Totaro works for Curtin and Heefner in Doylestown and also does extensive work for non-profit organizations, such as the Silver Springs Martin Luther School, a private residential treatment facility for emotionally disturbed and challenged children, where he is chairperson of the Board of Directors.
“Sam has such a level-headed mind and he listens and cares about each and every person he works with,” says Bob Madonna, a Silver Springs board member who turned to Totaro for the adoptions of his own two children.
In the late nineties, Sam and Andrea co-founded the adoption agency, ANA Adoptions, where Andrea is the Director and Sam serves as legal counsel. Around the time ANA Adoptions opened, Totaro took on a case that became nationally known and eventually the subject of the 1998 Lifetime movie, A Change of Heart.
Totaro was helping Keith and Kimberly Lussier adopt a little girl, Brittany, from Korea in 1994. Kimberly was being treated for uterine cancer at the time of the adoption but was in remission. The couple welcomed Brittany in February, and the adoption was scheduled to be finalized in August. But in July, Kimberly died suddenly from the cancer. Keith called the adoption agency after his wife died and told them he still wanted to go forward with the adoption. The agency did not do single-parent adoptions and, as a result, took Brittany away and placed her with another family.
Totaro took Lussier’s case to court to help him fight for his daughter.
“Keith was from Buffalo and the court case took place in Bucks County so the poor guy, who just lost his wife and had his daughter taken away from him, was sleeping in a hotel room,” says Totaro. “My wife and I decided to have him move in with us during the trial. As a result, we became like brothers.”
“There is no façade with Sam,” says Andrea. “He is down-to earth, compassionate and is guided by his faith. says Andrea. When somebody needs him, he’ll be there for them. That is the principle in which he runs his career and his entire life.”
The court ruled in Lussier’s favor and the judge stated that Brittany had to be returned within 72 hours to Keith. But the adoption agency appealed the ruling, which put a stay on the entire case.
“Keith said to me, if this was going to go on for a year or so, he couldn’t rip Brittany from her new home,” says Totaro.

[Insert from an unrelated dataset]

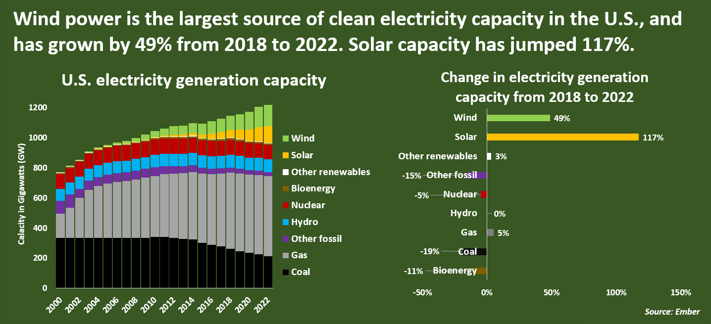 Wind power is the largest source of clean electricity capacity in the U.S., and has grown by 49% from 2018 to 2022.
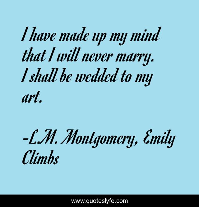 This page presents the quote "I have made up my mind that I will never marry. I shall be wedded to my art.". Author of this quote is L.M. Montgomery, Emily Climbs. This quote is about marriage, art, humor,.

A local newscaster, who had been following the case, tracked down the couple who had been given Brittany and told them her story. When they learned about who the baby was, they volunteered to give her back to Keith. The agency withdrew their appeal after a lot of public pressure and Lussier got his daughter back.
“It was the most amazing day to reunite this father with his daughter,” says Totaro. “It made everything I do worth it. Today I’m still good friends with Keith and Brittany is a thriving young lady.” Although many of Totaro’s cases aren’t as high profile, he still makes a difference in each and every one of his client’s lives. He works on many “standard” adoptions, but he also specializes in adoptions gone wrong.
Totaro was lead counsel on the Gibbs vs. Ernst case, in which the Pennsylvania Supreme Court established the right of adoptive parents to be compensated for failure of adoption agencies to fully disclose all relevant information to the adoptive parents before adoption. The case was cited by over 20 Supreme Courts in other states.
“Sam is extremely well-regarded and is the perfect blend of competence and compassion,” says Karen Burrill, a 1969 Ursinus graduate and Director of the Child and Home Study Associates Adoption Agency, who has worked with Totaro on countless adoptions. “He is the one of the most sought-after lawyers in the adoption world.”
Totaro is working on another high-profile adoption case that has led him back to the talk shows. But whether in or out of the spotlight, he simply wants to do the work he feels called to do.
“Helping these people is our life,” he says about he and Andrea. “And, I wouldn’t want to be living any other way.”